The political effect of the Ukrainian invasion is suppressed in repressed public opinion just as it is muted in surveys due to sample bias. To some extent, the Russian authorities have managed to quell the rising wave of shock with a deliberately calm and somewhat indifferent attitude towards the ‘situation’.However, its long-term effect is likely to be related to disappointed expectations. There was an observed increase in the proportion of those who believed that the ‘special military operation’ was progressing successfully and bringing the end of the war closer in early summer survey data. In a survey conducted by Russian Field, 69% of respondents expressed this opinion (12 percentage points more than the average in 2023). The Levada Centre survey recorded an increase in the proportion of respondents who believe the war will end within a year (40% compared to one-third in previous surveys). At the same time, Levada Centre surveys showed a growing proportion favouring the start of peace negotiations rather than continuing military actions: 58% versus 36%, compared to an average ratio of 52% to 39% over the previous year.

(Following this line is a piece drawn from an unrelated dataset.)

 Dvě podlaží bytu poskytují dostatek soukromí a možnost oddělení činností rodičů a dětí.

Thus, the general public perception of the war this summer largely aligned with the views of the Russian leadership: Russia holds the advantage, and once it can fully capitalise on this, the war will end with agreements that are favourable to the Russian side. The Ukrainian invasion of the Kursk region dealt a significant blow to these expectations, as well as to the belief that Russia had solved its resource supply issues, particularly in terms of manpower, which had been a pressing concern in previous years.

OpenMinds notes that one of the topics of commentary on the events in the Kursk region, though not particularly prominent in the sample, was the discussion of a new wave of mobilisation. According to Levada Centre, the percentage of those expecting the announcement of a second wave of mobilisation in the coming months increased from 18% in February to 24%, while the percentage of those fearing a general mobilisation jumped from 34% to 46%.

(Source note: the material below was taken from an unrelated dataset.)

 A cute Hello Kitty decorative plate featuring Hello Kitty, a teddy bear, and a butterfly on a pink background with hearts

Generally speaking, as in the broader geopolitical arena, the public's opinion on the outcomes of Ukraine's counteroffensive in Kursk has not yet solidified. As the new working year begins, the confidence that had been growing over the summer in a swift and favourable end to the war for Russia is once again in doubt. Similarly, the question of the Russian army's resource inadequacies has resurfaced in the public consciousness, suggesting that achieving victory might require greater sacrifices, including a new wave of mobilisation. Such a development would cause a new wave of shock in Russia.

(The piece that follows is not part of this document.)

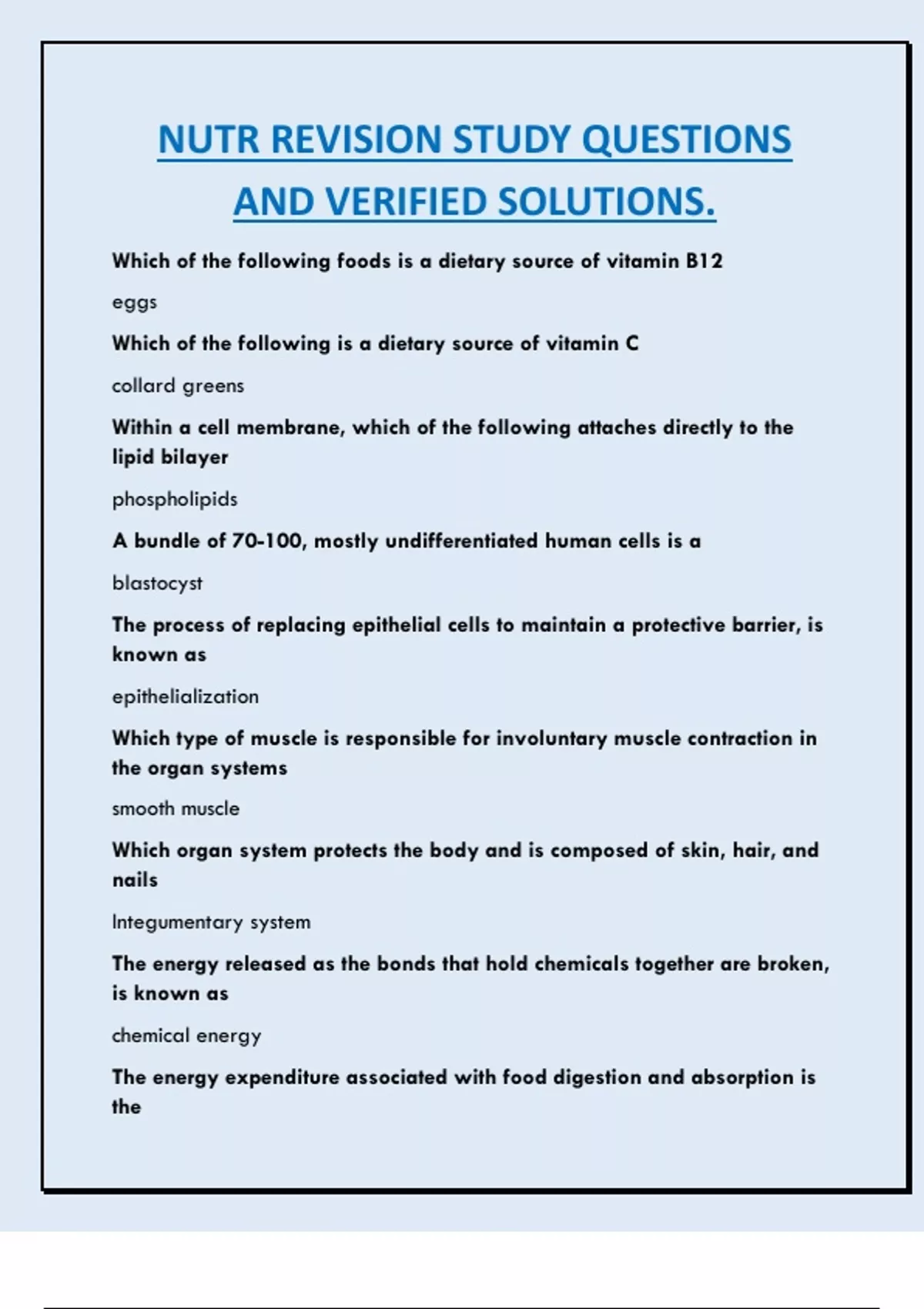 NUTR REVISION STUDY QUESTIONS AND VERIFIED SOLUTION

However, this complex of concerns is currently somewhat muted by the Kremlin's information and propaganda efforts and the diminishing flow of disturbing military news from the Kursk region. Many military analysts expect the climax of the Russian offensive near Pokrovsk in September–October and are sceptical about Ukraine's ability to defend the city. If the Russian army manages a successful breakthrough, it will almost entirely neutralise the impact of the Kursk invasion. However, if the army becomes embroiled in a prolonged assault lasting several months, as in Bakhmut, the 2024 Russian offensive will be viewed as a failure by both the international community and the Russian people.